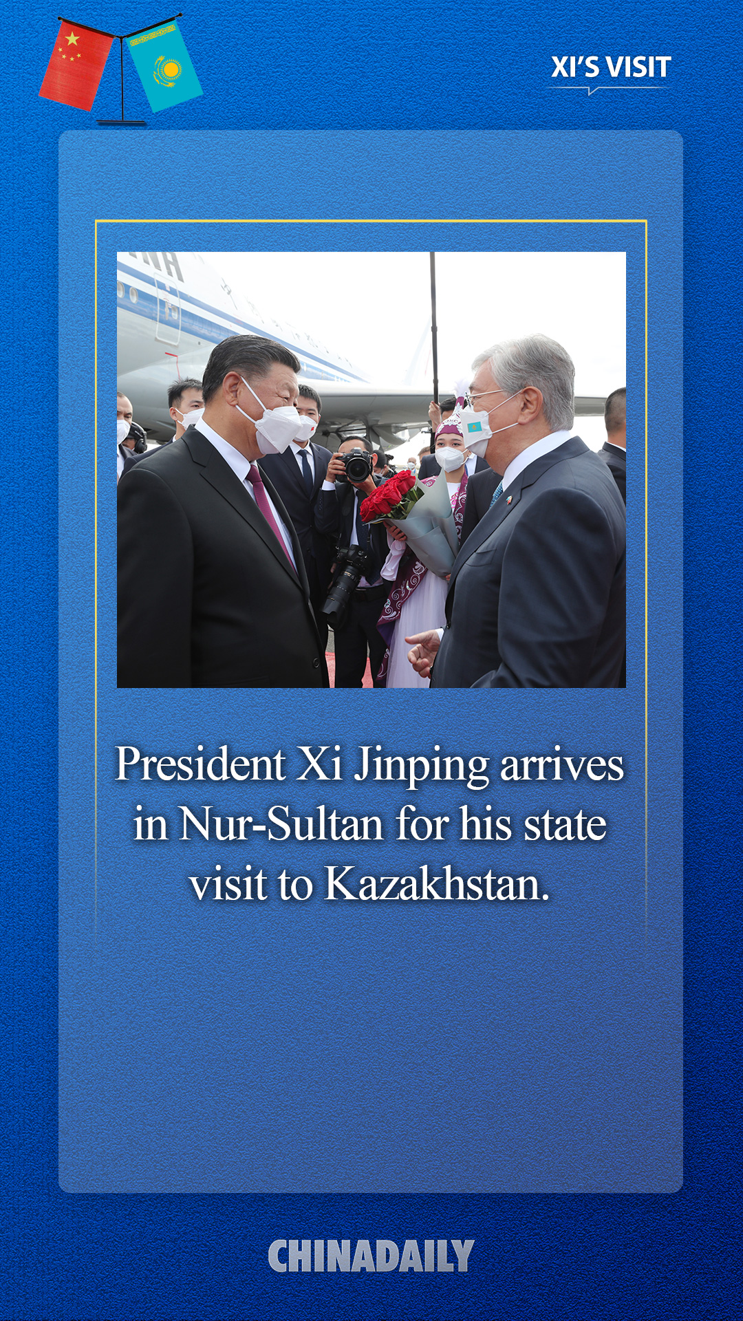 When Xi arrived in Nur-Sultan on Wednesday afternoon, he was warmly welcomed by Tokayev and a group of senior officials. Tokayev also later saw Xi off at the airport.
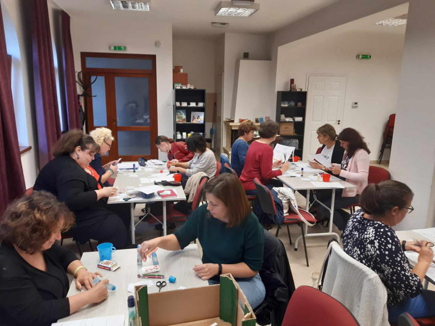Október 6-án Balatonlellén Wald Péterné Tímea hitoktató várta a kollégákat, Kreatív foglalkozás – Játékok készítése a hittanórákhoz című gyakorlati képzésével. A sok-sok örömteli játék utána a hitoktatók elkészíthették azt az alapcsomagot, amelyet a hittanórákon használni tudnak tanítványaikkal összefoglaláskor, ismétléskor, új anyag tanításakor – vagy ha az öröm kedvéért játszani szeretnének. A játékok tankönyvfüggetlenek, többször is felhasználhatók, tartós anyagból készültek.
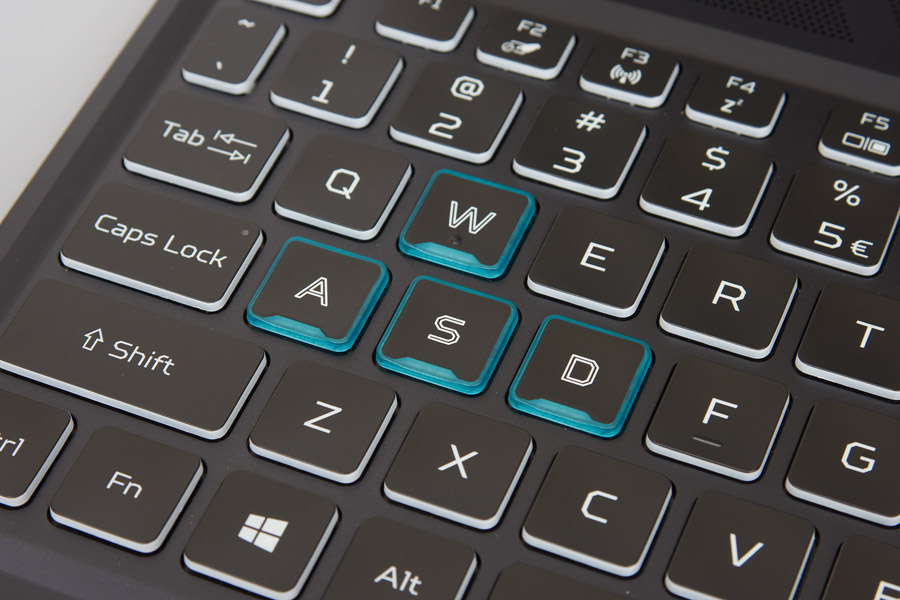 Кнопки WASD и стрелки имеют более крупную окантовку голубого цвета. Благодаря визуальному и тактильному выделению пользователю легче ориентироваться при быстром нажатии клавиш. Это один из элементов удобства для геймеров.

■ **TASK OBJECTIVE**: Print the data exactly, from its first line to the line containing "Október 6-án Balatonlellén", both included. Omit the pictures.

■ **RESPONSE FOR THIS EXERCISE**:
 When Xi arrived in Nur-Sultan on Wednesday afternoon, he was warmly welcomed by Tokayev and a group of senior officials. Tokayev also later saw Xi off at the airport.
Október 6-án Balatonlellén Wald Péterné Tímea hitoktató várta a kollégákat, Kreatív foglalkozás – Játékok készítése a hittanórákhoz című gyakorlati képzésével. A sok-sok örömteli játék utána a hitoktatók elkészíthették azt az alapcsomagot, amelyet a hittanórákon használni tudnak tanítványaikkal összefoglaláskor, ismétléskor, új anyag tanításakor – vagy ha az öröm kedvéért játszani szeretnének. A játékok tankönyvfüggetlenek, többször is felhasználhatók, tartós anyagból készültek.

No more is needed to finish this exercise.